I woke up in a bad mood today. As a result, and without meaning to be so horrible, everyone is paying for it. I just had one of those dreams, you know? The one where unthinkable things happen, and people you know would never hurt you in real life stab you in the heart.
I know how dreams work. I know that the reason I have those bad dreams is because I tend to over-think and over-analyze everything that I do. So if I worry about something enough, low and behold, it pops into my dream world. Which, upon awakening make me angry for experiencing my nightmare and angry at myself for thinking about something so much that it manifests itself in my dreams.
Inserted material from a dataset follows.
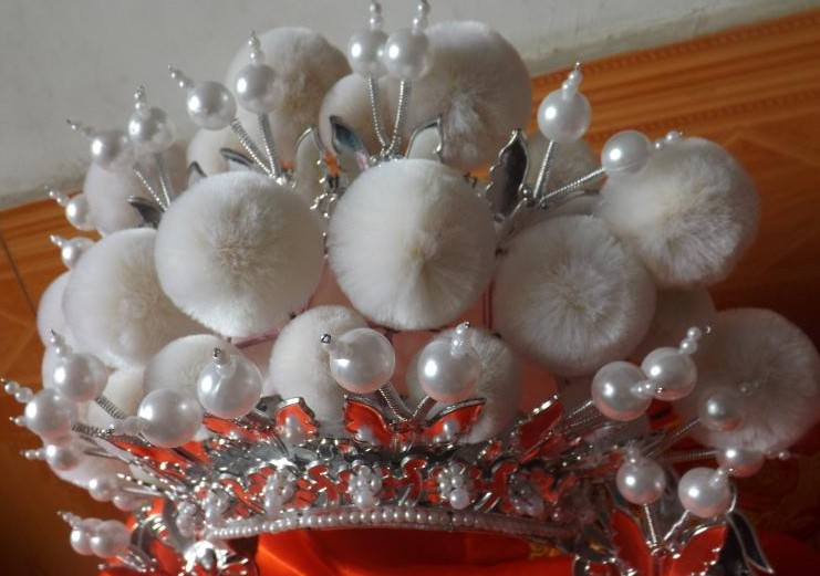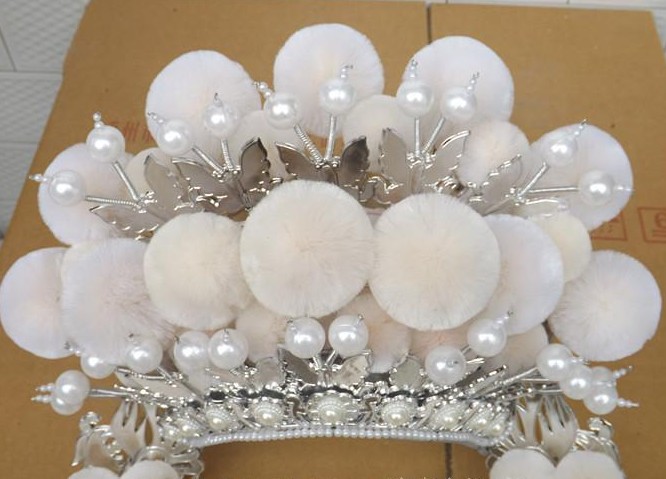 This exquisite traditional Chinese headdress features a stunning silver filigree crown adorned with plush white pom-poms and lustrous pearls. Designed for Peking Opera and Hanfu enthusiasts, it includes elegant long tassels that sway with movement, adding dramatic flair to any performance. Perfect for stage plays, cultural festivals, or historical cosplay, this accessory captures the regal elegance of ancient Chinese royalty.

In the midst of my terrible, horrible mood, I stumble upon a girl from college that I knew in passing. She had her baby in August of this year, but instead of taking him home like one expects when having a baby, it is learned that her little Tyson has Shone's Complex. So he has been fighting for his life for the past two months, braving open heart surgeries and tubes and monitors, and she has been only able to watch and pray for her child. Help Tyson Fight.
Now there is a nightmare. There is a reason to be grumpy and angry. Not my pettiness.
I like how God reminds me gently that I am blessed and have no reason to be grumpy. Life is precious. Why waste it by being in a bad mood?
Meg, I am praying for you and Justin and your Tyson. He's a fighter.